The top skill being `dispatch` itself is expected; if any other skill
dominates dispatch's count, that is notable.

### `self_handle_unaided` rate (catalog coverage signal)

The dispatch matcher returns `self_handle_unaided` when the input has
sufficient density (≥ 2 feature dimensions) but no specialist scored. A
rising rate suggests catalog coverage gaps.

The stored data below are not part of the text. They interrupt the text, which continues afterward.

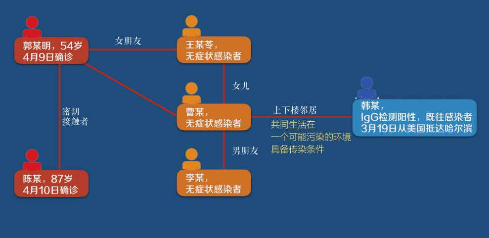 由于确诊者郭某明、无症状感染者王某苓不配合流调工作,给追溯传染源、查清密切接触者带来极大困难,哈尔滨市公安机关已第一时间介入并开展立案调查。现经哈尔滨市疾控中心与公安侦查机关联手调查,王某苓的女儿曹某可能接触境外入哈人员所污染的环境致病,进而导致家庭成员集聚感染。曹某与韩某为楼上楼下邻居,韩某于3月19日从美国抵达哈尔滨,居家隔离观察。期间,双方共同居住生活在此。韩某3月31日核酸检测为阴性,抗体检测IgM、IgG均为阴性,4月3日核酸检测为阴性,遂解除居家隔离。郭某明发病确诊后,卫健委进行了溯源分析时发现,曹某与韩某存在感染可能,所以,卫健委又于4月10日和11日,再次对韩某进行了两次抗体检测,其中,IgM均为阴性,IgG均为阳性,为新冠肺炎既往感染者。经现场模拟调查分析,韩某与曹某共同生活在一个可能污染的环境,具备传染条件。截至11日下午3时,已排查追踪到密切接触者456人,其中,集中隔离医学观察155人,居家隔离医学观察301人。同时,对涉及到的住宅小区单元、有关活动场所也采取了封闭管控、消毒等措施。黑龙江、广东连续出现本土病例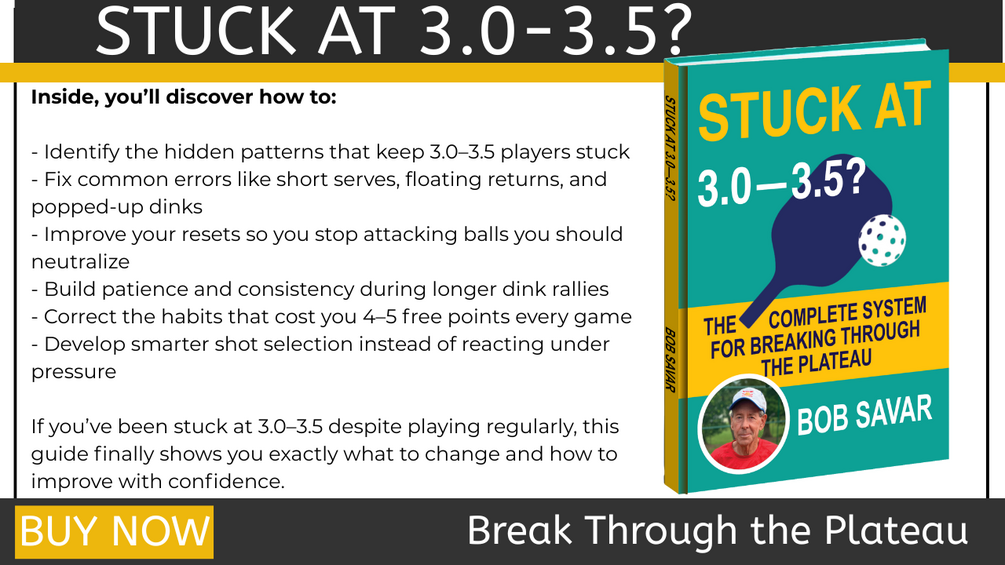 "I thought buying a $200 paddle would fix my game. Spoiler: it didn't. Bob's book did." — Ron K.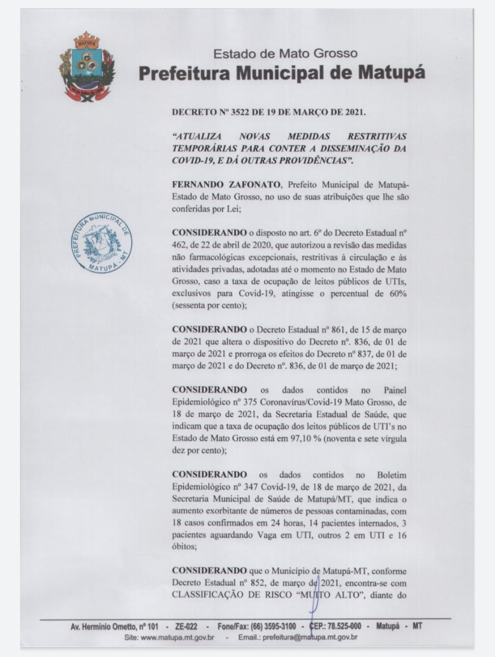 Devido ao grande aumento de casos em matupá o executivo municipal fernando Zafonato anunciou hoje mais duas alterações no decreto n°, onde fica proibido a partir de hoje (19/03) o consumo de bebidas alcoólicas em todo estabelecimento comercial de Matupá, essa situação não havia sido abordado no decreto anterior onde foi proibido apenas o consumo em lugares de circulação pública, a partir de agora o decreto proíbe o consumo de bebidas com teor alcoólico em todos os estabelecimentos comerciais.

For now, since `dispatch-log.jsonl` does not directly tag
`self_handle_unaided`, report this as **best-effort** by counting
`agent_dispatch` events with `agent == "general-purpose"` and an empty
`skills_in_prompt` array — those are the closest live proxy. Caveat the
metric explicitly when reporting it.

### Catalog entry counts

```bash
python -m claude_wayfinder health catalog-status
```

This reports plugin skill / agent entry counts and routable-agent count.
Flag any unexpected zeros (e.g. zero routable agents when plugin-override
entries are expected in the catalog).

### Catalog freshness

Check the modification timestamp on the catalog file (resolved via
`$DISPATCH_CATALOG_PATH`). If more than 14 days stale, flag it — the
catalog should be regenerated whenever `triggers.yml` files change.

```bash
python -c "
import os, datetime as dt
path = os.environ.get('DISPATCH_CATALOG_PATH') or os.path.expanduser('~/.claude/dispatch-catalog.json')
if os.path.exists(path):
    mtime = dt.datetime.fromtimestamp(os.path.getmtime(path), dt.timezone.utc)
    age = (dt.datetime.now(dt.timezone.utc) - mtime).days
    print(f'  {os.path.basename(path)}: {age}d old (mtime {mtime.isoformat()})')
else:
    print(f'  catalog absent at {path}')
"
```

## Output shape

The final response should look like this (markdown):

```markdown
<`claude-wayfinder health --report` output verbatim, including the H1 "# Router Health Report">

## Analysis

<bullet list of FAIL'ing or warning-zone metrics with drill-downs>

### Recent drift events

<5-row list, or "none in the last week">

## Extended Notable Findings

### Top dispatched agents (last 30 days)

<table or bullets>

### Top invoked skills (last 30 days)

<table or bullets>

### `self_handle_unaided` rate (catalog coverage)

<count + caveat>

### Catalog entry counts

<skills/agents/routable counts>

### Catalog freshness

<one age line>
```

If `--brief`: omit the verbatim report (Step 2) — start the response with
`## Analysis`.

## Tone and discipline

- Be specific and quantitative. Cite exact counts, percentages, session-id
  prefixes, dates.
- Do not invent metrics that the script does not produce. Stick to the
  observed data.
- Do not recommend changes to thresholds — those are codified in
  `src/claude_wayfinder/_health.py` and changing them is a separate
  decision.
- Where a finding suggests action (regenerate catalog, investigate a
  bypass-heavy session), name the next step concretely with the command
  to run.
- If a log file is missing or empty, say so — never silently fall through
  with zero counts that look like "everything is healthy."

## Failure modes

- **Script exits non-zero**: surface stderr verbatim, recommend the user
  run the command directly to see the failure. Do not produce Analysis or
  Notable Findings sections — the source data is unreliable.
- **Log files missing**: if `dispatch-log.jsonl` or `router-drift.jsonl`
  do not exist, the corresponding hooks are not firing. Flag this as a
  dispatch-pipeline drift event in its own right and recommend checking
  the PreToolUse / Stop hooks in the consumer's hook registry.
- **Catalog file missing**: report this as a catalog-availability outage
  and recommend running `/refresh-catalog` or
  `claude-wayfinder catalog build`.
- **`python` not on PATH**: the user has not run `/setup-wayfinder` yet,
  or the plugin venv is not activated. Recommend `/setup-wayfinder` and
  re-running this skill in a fresh session.